The present invention is concerned with a nozzle assembly for a faucet, in particular a faucet which separately dispenses water and foam soap.
‘Combined’ faucets are sometimes installed in commercial washrooms, designed so that they are able separately to dispense water and soap over the basin of a sink, as required by the user. This avoids the need for separate stand-alone soap dispensers to be provided in the washroom.
US2007/0152082A1 describes one of these combined faucets. Here, the soap is aerated upstream of the nozzle and dispensed as a foam, rather than in liquid form. This reduces soap usage per use cycle.
An object of the present invention is to try to provide an improved nozzle assembly for a tap, or faucet. The nozzle assembly is intended primarily for dispensing foam soap and water, although the invention is not limited as such.
According to the present invention, there is provided a nozzle assembly for a tap, or faucet, the assembly comprising a first nozzle and a second nozzle arranged side by side, the second nozzle having a flared discharge end which flares outwardly in front of the discharge end of the first nozzle so that the two discharge ends overlap.
The invention provides a relatively compact nozzle assembly, effectively by arranging the second nozzle so that it overlaps in front of the discharge end of the first nozzle. This differs from the conventional twin-nozzle arrangement in US2007/0152082A1, in which the discharge ends of the water nozzle and the foam soap nozzle are arranged side-by-side, but do not overlap one another. The invention thus allows a larger total discharge area to be packaged within a comparable-sized nozzle assembly.
The discharge end of the second nozzle may be conical (including frusto-conical), but this is not essential.
The flared discharge end of the second nozzle may be a separate part which fits onto the end of a supply duct forming part of the second nozzle. Thus the discharge end may be interchangeable with other discharge ends to vary the overlap between the discharge ends of the nozzles, according to specification. The discharge end may engage the duct section in a simple push-fit.

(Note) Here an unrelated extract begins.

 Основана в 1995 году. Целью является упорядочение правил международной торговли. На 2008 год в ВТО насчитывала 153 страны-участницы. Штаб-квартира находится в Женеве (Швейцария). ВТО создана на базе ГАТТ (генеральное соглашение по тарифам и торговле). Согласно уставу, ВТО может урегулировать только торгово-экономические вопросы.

The first nozzle may at least partly surround the second nozzle. For example, the first nozzle may comprise two or more branches extending along opposite sides of the second nozzle: the discharge end of the first nozzle being formed by the respective discharge ends of the different branches. Alternatively, the first nozzle may have an annular discharge end surrounding the second nozzle and the second may project out beyond an outer wall of the annular discharge end of the first nozzle. In any event, the second nozzle may be arranged so that it overlaps in front of the discharge end of the first nozzle on both sides of the second nozzle. This is a particularly compact arrangement. The second nozzle may be arranged so that the flared discharge end of the second nozzle overlaps with the discharge end of the first nozzle around the entire perimeter of the second nozzle. This may conveniently be achieved by providing the second nozzle with a conical discharge end, for example.

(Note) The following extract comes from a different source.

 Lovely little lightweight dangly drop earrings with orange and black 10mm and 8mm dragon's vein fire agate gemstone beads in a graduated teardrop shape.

The first and second nozzle may share a common partition wall, which may divide the discharge ends of the two nozzles, or at least divide a section of the nozzles. If the first nozzle has an annular discharge end, then this common partition wall may form the inner wall of the annular discharge end and at the same time constitute an outer wall of the second nozzle. The partition wall may project out beyond the end of an outer wall of the annular discharge end of the first nozzle, in which case the projecting end of the common wall may define the flared discharge end of the second nozzle. Alternatively, the common wall may define a supply duct forming part of the second nozzle, and the discharge end of the second nozzle may be provided as a separate part which fits onto the end of the supply duct.
The nozzle assembly may be incorporated as part of a self-contained nozzle unit for fitting to a faucet.
In another aspect of the invention, there is provided a faucet which is fitted with the nozzle unit, or which otherwise comprises the nozzle assembly.
The faucet may be arranged for separately discharging foam and water. Thus, an arrangement may be provided comprising the faucet, the faucet being arranged for connecting an intake end of the first nozzle to a water supply and for connecting an intake end of the second nozzle to a supply of foam. The faucet may be installed next to the basin of a sink e.g. in a commercial washroom, with the first nozzle connected to a water supply and the second nozzle connected to a supply of foam. The supply of foam may be a supply of foam soap, specifically.
A relatively large discharge area is particularly beneficial when dispensing foam from a faucet, because users often perceive a voluminous-looking foam product as being rich and luxurious. This is particularly the case for foam soap, and this may be specified in hotels, health clubs etc. At the same time, utilising the invention to provide a relatively compact nozzle assembly allows for incorporation of the nozzle assembly in a more minimalist design of faucet.
The flared discharge end of the second nozzle advantageously decelerates the foam prior to discharge. A mesh screen may be provided over the discharge end of the second nozzle to act as a turbulator for aerating the decelerating foam immediately prior to discharge. This may improve foam consistency.
Embodiments of the invention will now be described with reference to the accompanying drawings, in which:
The nozzle assembly comprises two nozzles: a foam nozzle 23 for dispensing foam soap and a water nozzle 25 for separately dispensing water.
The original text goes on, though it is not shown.